#### DATA FOR THIS TASK:
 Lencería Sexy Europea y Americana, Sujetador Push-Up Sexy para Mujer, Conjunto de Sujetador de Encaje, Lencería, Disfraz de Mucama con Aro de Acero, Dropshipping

---

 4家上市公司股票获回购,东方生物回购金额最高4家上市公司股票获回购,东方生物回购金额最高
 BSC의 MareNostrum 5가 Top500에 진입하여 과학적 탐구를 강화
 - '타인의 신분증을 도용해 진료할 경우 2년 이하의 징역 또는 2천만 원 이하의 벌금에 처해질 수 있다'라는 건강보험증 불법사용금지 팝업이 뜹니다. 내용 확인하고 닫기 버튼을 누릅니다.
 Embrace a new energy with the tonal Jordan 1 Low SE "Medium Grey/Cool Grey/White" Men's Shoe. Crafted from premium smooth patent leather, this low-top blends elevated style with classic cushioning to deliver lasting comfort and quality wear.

* * *

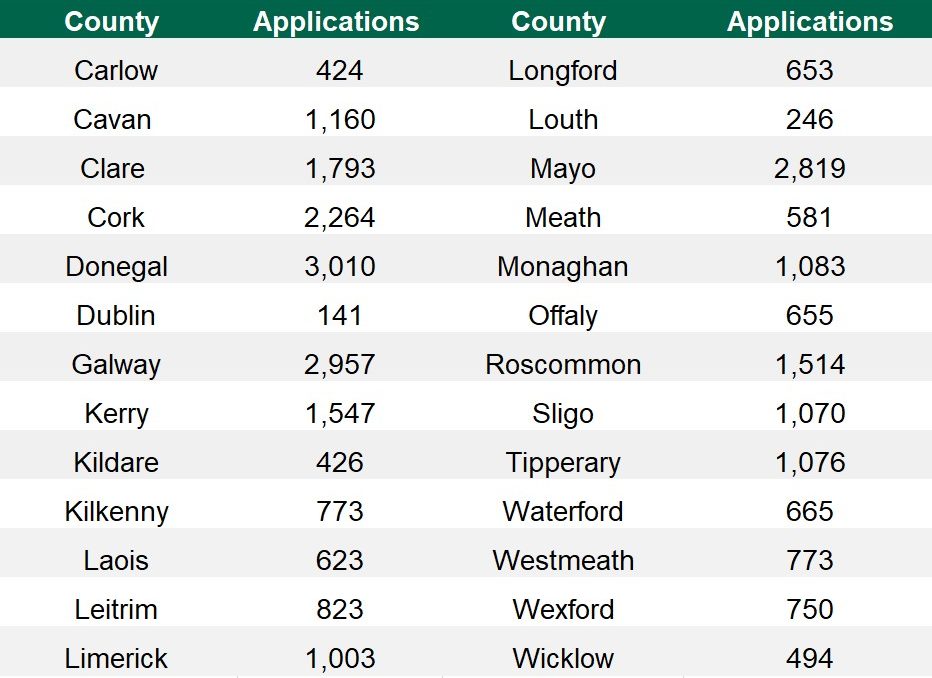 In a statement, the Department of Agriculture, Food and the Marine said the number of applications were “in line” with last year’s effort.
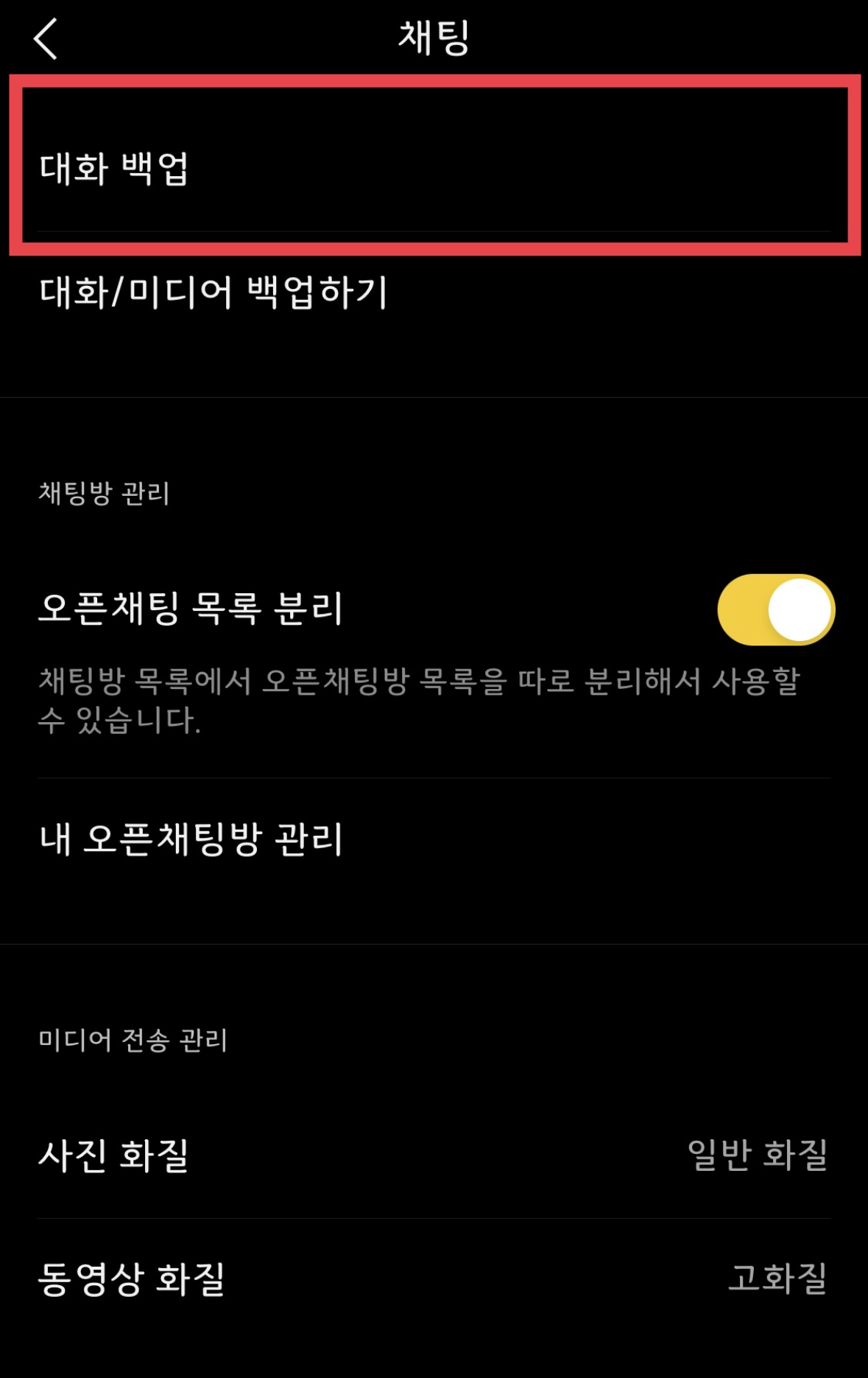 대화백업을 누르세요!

#### EXERCISE DESCRIPTION:
Although the records above contain pictures, the copy should not; retype exactly the lines from the one containing "In a statement, the" through the one containing "대화백업을 누르세요!".

#### FINISHED TASK:
 In a statement, the Department of Agriculture, Food and the Marine said the number of applications were “in line” with last year’s effort.
 대화백업을 누르세요!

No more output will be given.